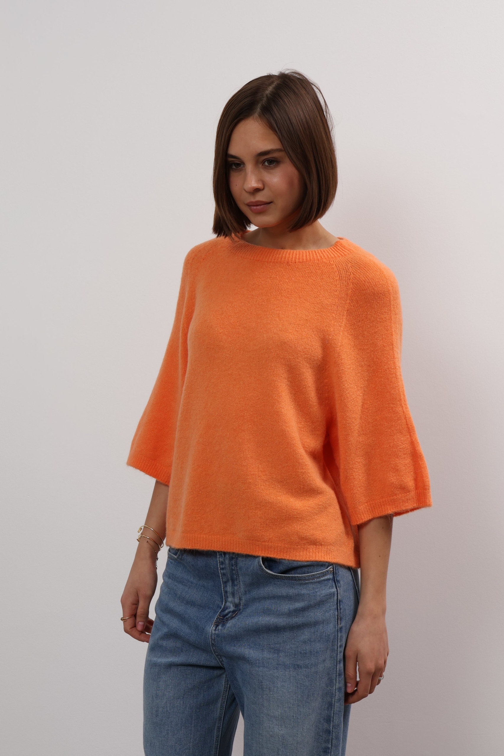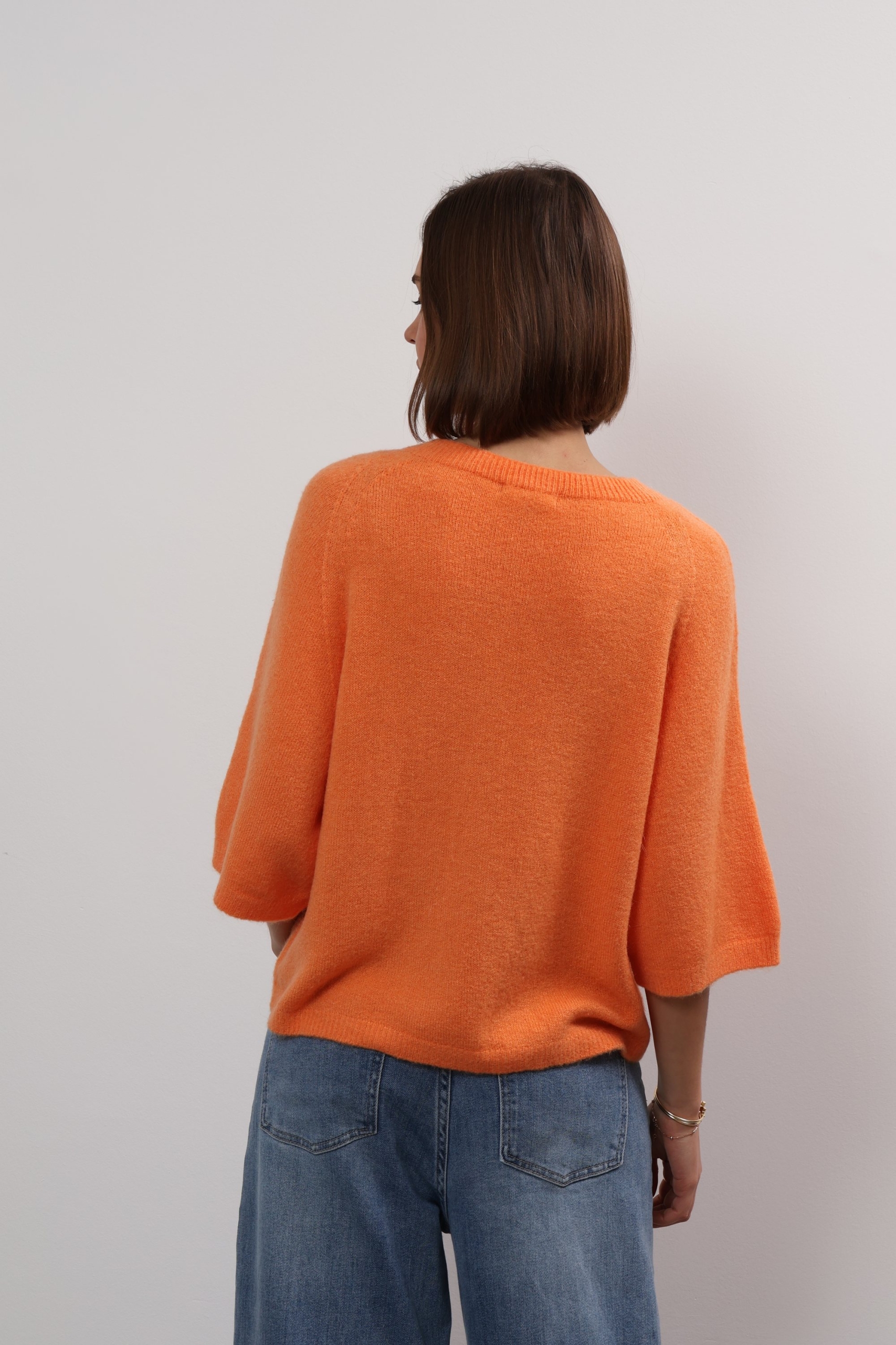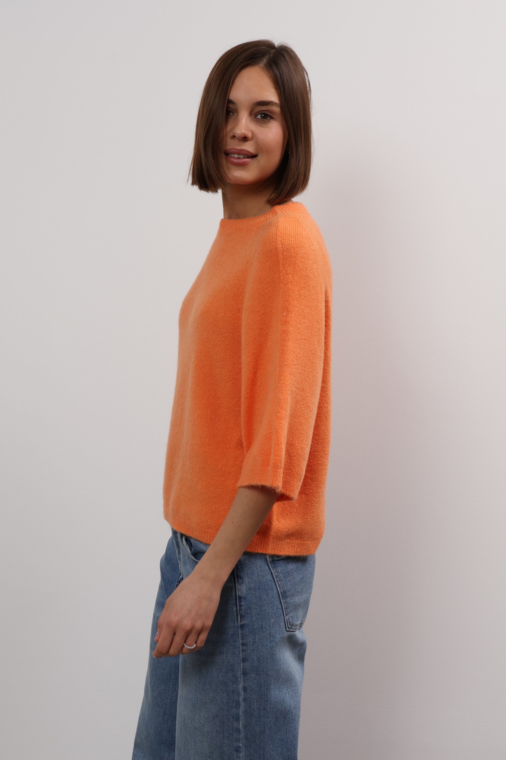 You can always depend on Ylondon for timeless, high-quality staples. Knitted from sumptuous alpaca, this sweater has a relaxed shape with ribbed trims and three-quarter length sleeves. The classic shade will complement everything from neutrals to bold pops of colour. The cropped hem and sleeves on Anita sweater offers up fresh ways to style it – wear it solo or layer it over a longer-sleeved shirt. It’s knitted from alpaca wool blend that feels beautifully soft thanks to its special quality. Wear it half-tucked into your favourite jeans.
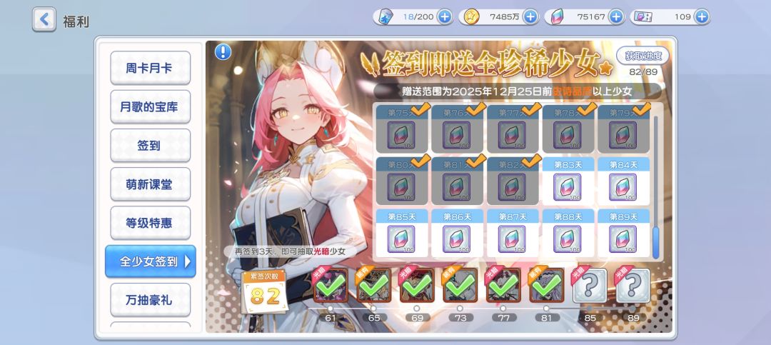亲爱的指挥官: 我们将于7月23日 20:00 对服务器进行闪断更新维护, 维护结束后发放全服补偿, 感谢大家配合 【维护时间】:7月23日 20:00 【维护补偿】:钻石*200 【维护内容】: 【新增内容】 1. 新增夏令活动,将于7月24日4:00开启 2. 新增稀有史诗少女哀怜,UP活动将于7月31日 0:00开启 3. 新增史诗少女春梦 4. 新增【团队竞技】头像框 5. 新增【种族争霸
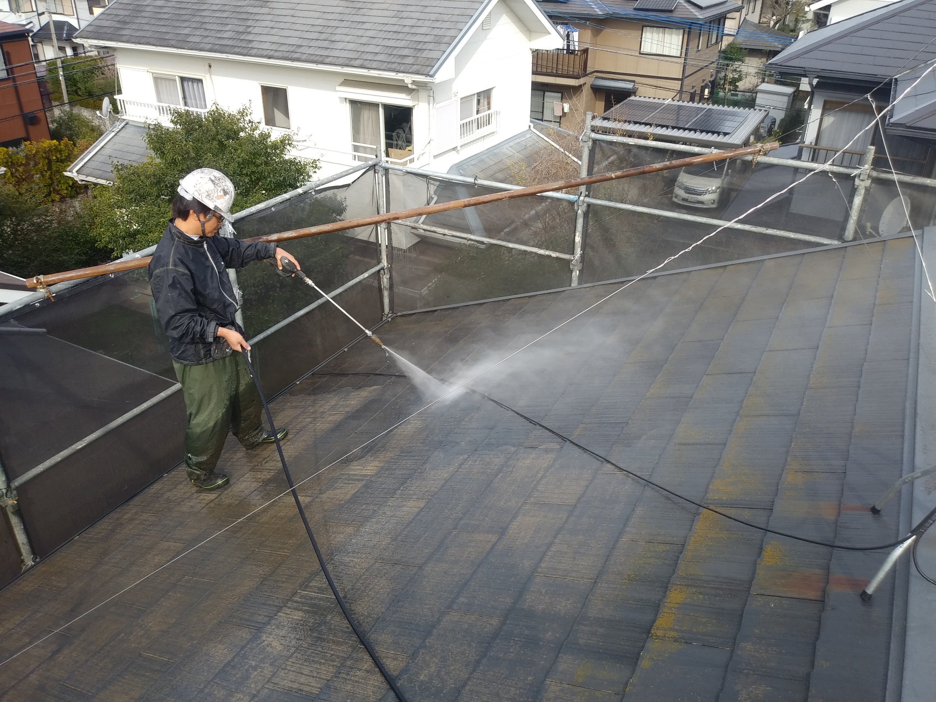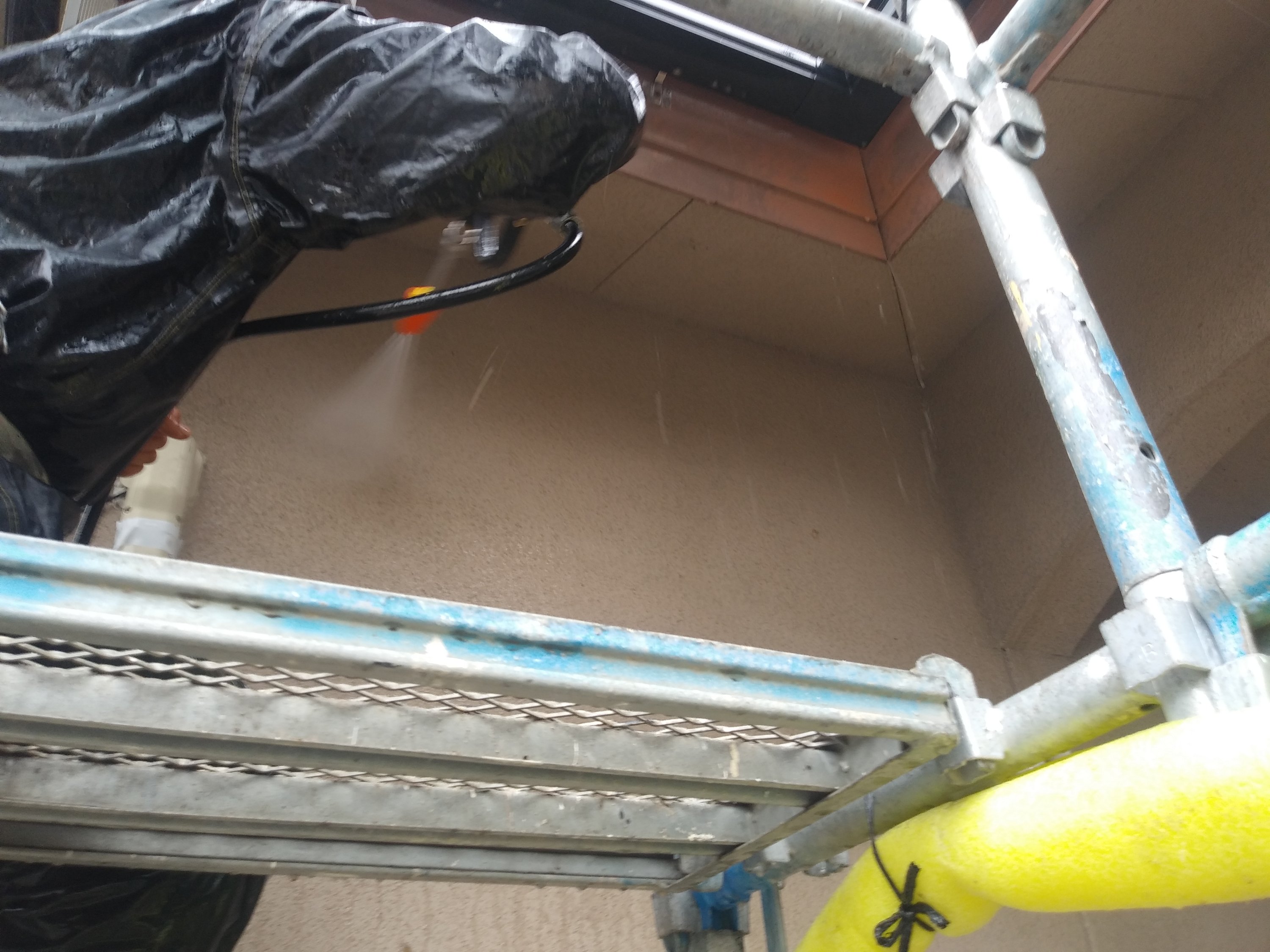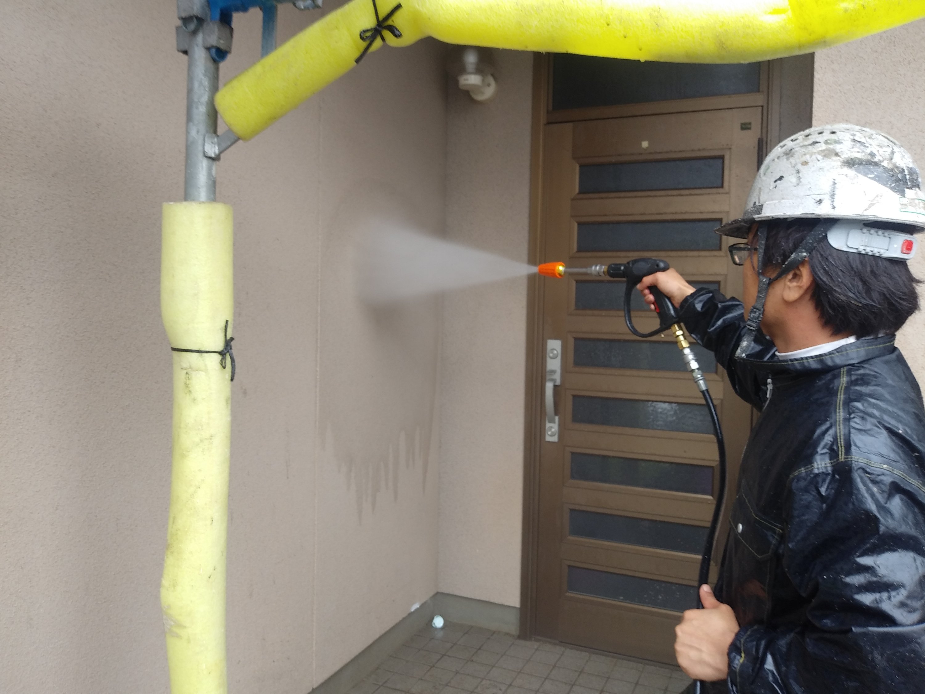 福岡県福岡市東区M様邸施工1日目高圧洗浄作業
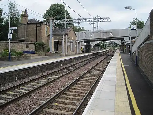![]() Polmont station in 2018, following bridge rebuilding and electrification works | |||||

┄┄┄┄┄┄┄┄┄┄┄┄┄┄┄┄┄┄┄┄

In your answer, repeat the material above in full, exactly, and without its pictures.

Solution to the problem -
 You can always depend on Ylondon for timeless, high-quality staples. Knitted from sumptuous alpaca, this sweater has a relaxed shape with ribbed trims and three-quarter length sleeves. The classic shade will complement everything from neutrals to bold pops of colour. The cropped hem and sleeves on Anita sweater offers up fresh ways to style it – wear it solo or layer it over a longer-sleeved shirt. It’s knitted from alpaca wool blend that feels beautifully soft thanks to its special quality. Wear it half-tucked into your favourite jeans.
亲爱的指挥官: 我们将于7月23日 20:00 对服务器进行闪断更新维护, 维护结束后发放全服补偿, 感谢大家配合 【维护时间】:7月23日 20:00 【维护补偿】:钻石*200 【维护内容】: 【新增内容】 1. 新增夏令活动,将于7月24日4:00开启 2. 新增稀有史诗少女哀怜,UP活动将于7月31日 0:00开启 3. 新增史诗少女春梦 4. 新增【团队竞技】头像框 5. 新增【种族争霸
 福岡県福岡市東区M様邸施工1日目高圧洗浄作業
![]() Polmont station in 2018, following bridge rebuilding and electrification works | |||||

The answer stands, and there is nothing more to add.